NGINX rate limiting that actually works: leaky bucket, limit_req_zone, and sane burst handling for production

Published 10/22/2025

X (Twitter) Facebook Pinterest LinkedIn Email WhatsApp

NGINX sits at the front door of a lot of services. One of its most useful—yet frequently misunderstood—capabilities is rate limiting: capping request throughput so login forms aren’t brute-forced, upstreams don’t melt during traffic spikes, and “natural” browser bursts don’t turn into backlog and 5xx storms. Configured correctly, rate limiting smooths load without punishing real users.

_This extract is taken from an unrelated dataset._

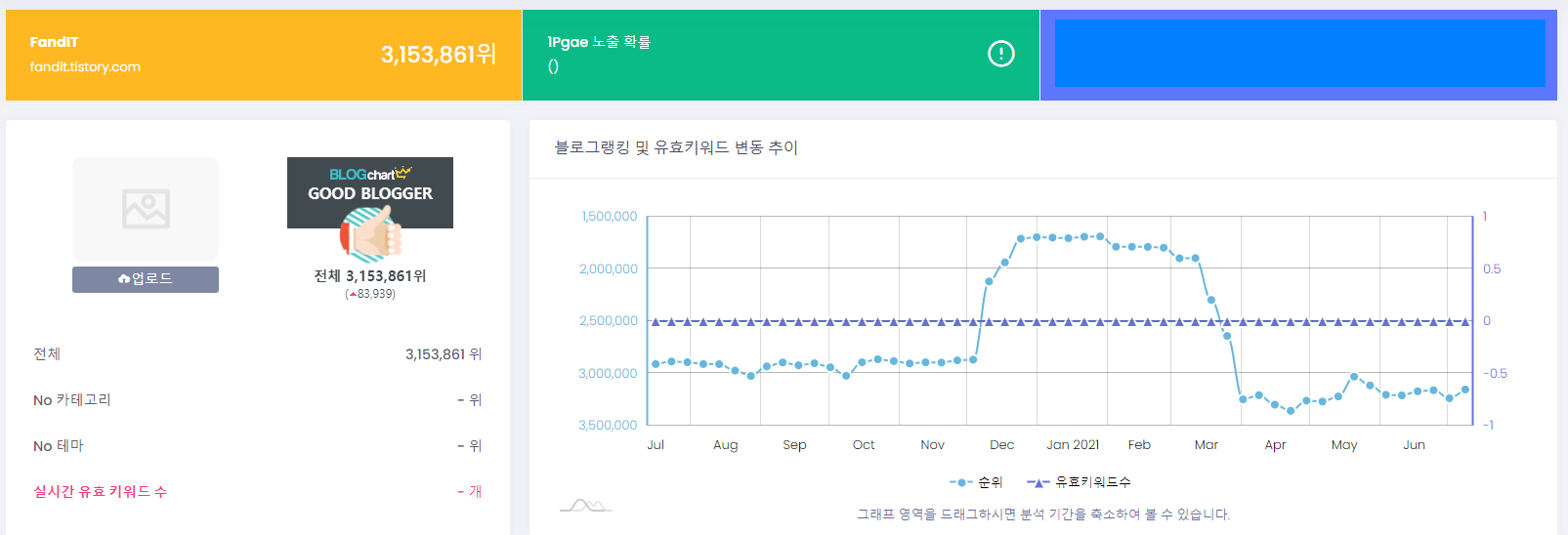그럼 본인이 등록한 블로그에 대한 순위와 정보 등 대략적인 내용이 노출됩니다.

Heads-up. The community has clarified that burst and delay are enforced with millisecond-resolution sliding windows, not coarse per-second averages. For exact semantics, always check the official docs on nginx.org.

The leaky bucket in HTTP terms

NGINX implements the classic leaky bucket algorithm:

Incoming water → incoming requests.
Bucket / FIFO → the queue that holds excess requests.
Leak rate → the maximum throughput the server will accept.
Overflow → requests dropped (rejected) when the queue is full.

Practically, this keeps browser “shotgun” fetches (HTML, CSS, JS, images) from hammering the origin, slows down brute-force attempts, and narrows blast radius during marketing peaks or cache-busting mishaps.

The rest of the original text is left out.